= Katherine A. Flores =

Physician and advocate for Latinx medical professionals

Katherine A. Flores (born 1953) is a family physician and an Associate Clinical Professor in Family Medicine at the University of California, San Francisco School of Medicine, in the United States. She is one of the founding members of the National Hispanic Medical Association. Flores founded a range of programs focused on increasing the number of culturally competent doctors serving the Latino communities in California's Central Valley. The programs support traditionally underserved student populations to successfully pursue education and medical careers. These educational programs include the California Borders Health Education and Training Center (HETC) program, Partnerships for Health Professions Education (PHPE), and the Hispanic Centers of Excellence (HCOE), the California Health Professions Consortium, and the Latino Center for Medical Education and Research. The Latino Center for Medical Education and Research is the home of Junior Doctors Academy and Doctors Academy, programs that support middle and high school students as they pursue education and careers in medical fields. She received a James Irvine Foundation Leadership Award in 2010.

== Childhood and family life ==
Flores' family migrated from Mexico to the United States, where they worked as farm laborers. Born in Fresno, California, USA, Flores' mother died when she was just an infant. She was raised by her grandparents, and worked alongside them at agricultural jobs from about age four to 16.

Her childhood and early adult experiences inspired Flores to enter the medical field. Her grandfather lost his leg to a diabetes-related infection, as a result of the medical professionals who treated him not taking his living situation into account. She witnessed how the lack of Latino medical professionals in the San Juaquine Valley regularly led to misunderstandings that impacted the health of the region's substantial Latino population. Following those experiences, Flores became interested in representation of the Latino among medical workers. Additionally, after earning admission and full scholarship to Stanford University, Flores found college a struggle. In particular, she missed her family and community. Flores has stated that the support she received from two classmates kept her in school. She also got involved with Latino advocacy and farmworkers' rights, including marching with Cesar Chavez, and began working with Latino organizations on the state and national level. She focused on increasing the number of medical professionals who are Latino. These experiences convinced Flores that she could go to medical school and contributed to her belief that helping other students succeed would also be part of her life's work.

She married a professor of teacher education, Juan Flores. They have two children.

== Education ==
Flores completed her undergraduate degree in Human Biology from Stanford University in 1975 and her medical degree from the University of California, Davis School of Medicine in 1979. After medical school, Flores returned to Fresno for her residency, a fellowship, and eventually entering her own private practice in 1983.

== Career ==
As a partner in a bilingual family medicine practice in Fresno, CA, Flores serves a diverse population. Through her additional leadership of several large institutional medical education programs, as well as seats on advisory committees on the state and national levels, Flores aims to narrow the gap between the large percentage of the population in California's Central Valley that identifies as Latino, and the small number of Latino medical personnel.

One year after joining her private practice, in 1984, Flores took on her Associate Clinical Professor roll at UCSF School of Medicine, Department of Family and Community Medicine. In 1996, she founded the Latino Center for Medical Education and Research at UCSF, and is still the director there in 2021. From 1993 to 1999 Flores was the assistant dean of the University of California, San Francisco Fresno Medical Education Program.
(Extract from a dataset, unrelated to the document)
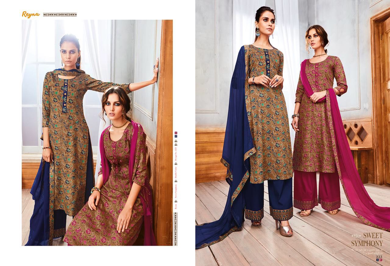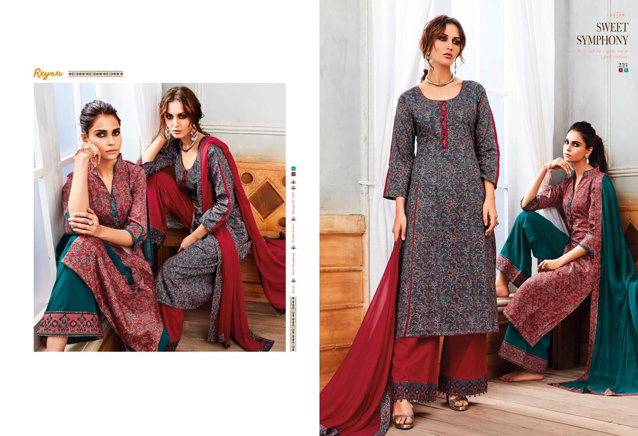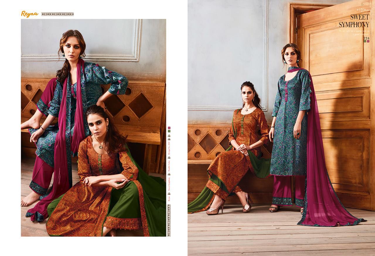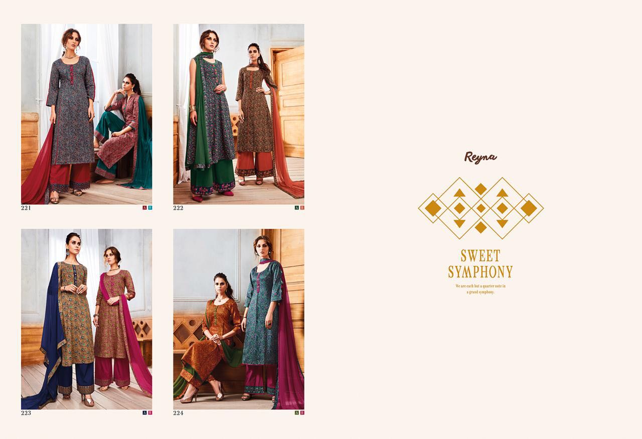 Buy Online Reyna Sweet Symphony 221ab To 224ab Series Cotton Satin Suit 8 Pcs of Full Catalogue at Wholesale Price. Looking for Reyna Sweet Symphony 221ab To 224ab Series Cotton Satin Suit Full Catalouge at Best Price? Buy Now Reyna Sweet Symphony 221ab To 224ab Series Cotton Satin Suit at Wholesale Rate of Rs 9080 with Total 8 Pcs from authroized dealer and supplier of sa Brand. Cost of Each piece is just only Rs 1135 which is very low and affordable price to resale the product in your retail store ,This is Surat based Wholesale Supplier & Dealer of sa Brand. Click on Brand name to Know more about sa Brand's products.Call or Whatsapp on 9898838984 for booking or enquiry

Beyond her private practice and work at UCSF, Flores has long been active in other organizations that work on recruiting, training, and retaining medical personnel to work with Latino and other underserved populations. She collaborates with many partners across the Central Valley to recruit and train medical care workers with migrant farmworker backgrounds and from other underrepresented backgrounds. From 1993 to 1999, Flores was the principal investigator and project director at the California Area Health Education Center, an organization that focuses on scaffolding a health professions workforce for serving underserved communities. After attending the White House Health Care Reform Task Force meetings in 1993–1994, Flores was one of the ten Latino participants who went on to found the National Hispanic Medical Association. She was one of the Association's Leadership Fellows in 1999, and went on to serve on the board of the organization, including serving as secretary and later chairwoman. She also was with the California Health Education and Training Center from 1992 to 2007. With other medical specialists, Flores founded the California Health Professions Consortium in 2006, aiming to diversify the healthcare workforce. In 2013, California Governor Jerry Brown appointed Flores to the California Healthcare Workforce Policy Commission.
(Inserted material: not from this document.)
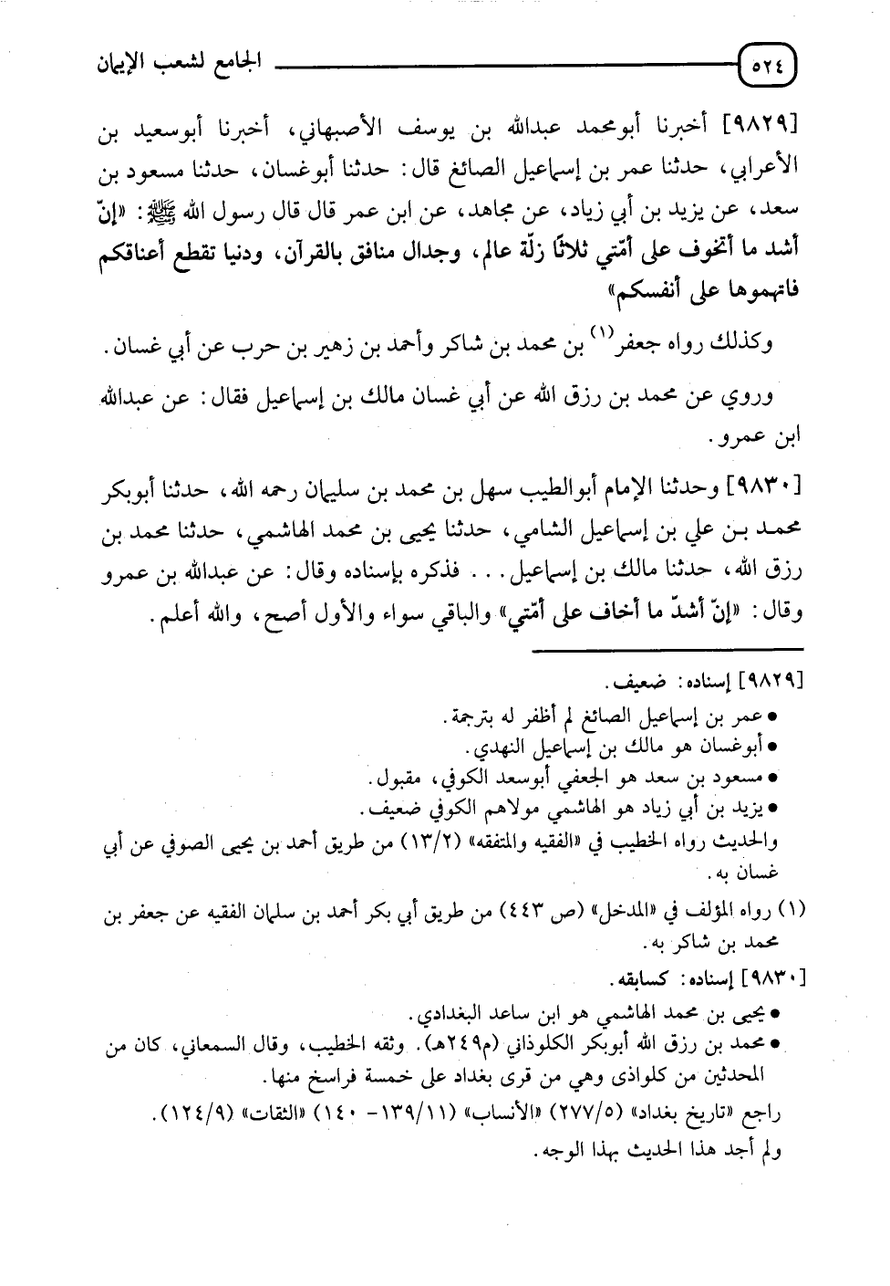 9829 - أَخْبَرَنَا أَبُو مُحَمَّدٍ عَبْدُ اللهِ بْنُ يُوسُفَ الْأَصْبَهَانِيُّ , أَنَا أَبُو سَعِيدِ بْنُ الْأَعْرَابِيِّ , نَا عُمَرُ بْنُ إِسْمَاعِيلَ الصَّائِغُ , قَالَ: نَا أَبُو عُثْمَانَ , نَا مَسْعُودُ بْنُ سَعْدٍ , عَنْ يَزِيدَ بْنِ أَبِي زِيَادٍ , عَنْ مُجَاهِدٍ , عَنِ ابْنِ عُمَرَ قَالَ: قَالَ رَسُولُ اللهِ صَلَّى اللَّهُ عَلَيْهِ وَسَلَّمَ: " إِنَّ §أَشَدَّ مَا أَتَخَوَّفُ عَلَى أُمَّتِي ثَلَاثًا: زَلَّةُ عَالِمٍ , وَجِدَالُ مُنَافِقٍ بِالْقُرْآنِ , وَدُنْيَا تَقْطَعُ أَعْنَاقَكُمْ , فَاتَّهِمُوهَا عَلَى أَنْفُسِكُمْ " وَكَذَلِكَ رَوَاهُ جَعْفَرُ بْنُ مُحَمَّدِ بْنِ شَاكِرٍ , وَأَحْمَدُ بْنُ زُهَيْرِ بْنِ حَرْبٍ , عَنْ أَبِي غَسَّانَ , وَرُوِيَ عَنْ مُحَمَّدِ بْنِ رِزْقِ اللهِ , عَنْ أَبِي غَسَّانَ مَالِكِ بْنِ إِسْمَاعِيلَ فَقَالَ: عَنْ عَبْدِ اللهِ بْنِ عَمْرٍو ,

Some of the programs Flores has created focus on school success even before college. The Junior and High School Doctors Academies are run through a partnership between California State University, Fresno, and local school districts. It began at Sunnyside High School in 1999, and expanded to Caruthers and Selma high schools in 2007. The program recruits students from low-income families in the Fresno area as early as seventh grade, and supports them through high school and college. With special classes daily, as well as tutoring and internships, these programs focus on increasing students' self-confidence and study skills. In a school district with a reported twenty-five percent graduation rate in the early 2000s, Doctors Academies sustained a one hundred percent graduation rate for students who stuck with the program.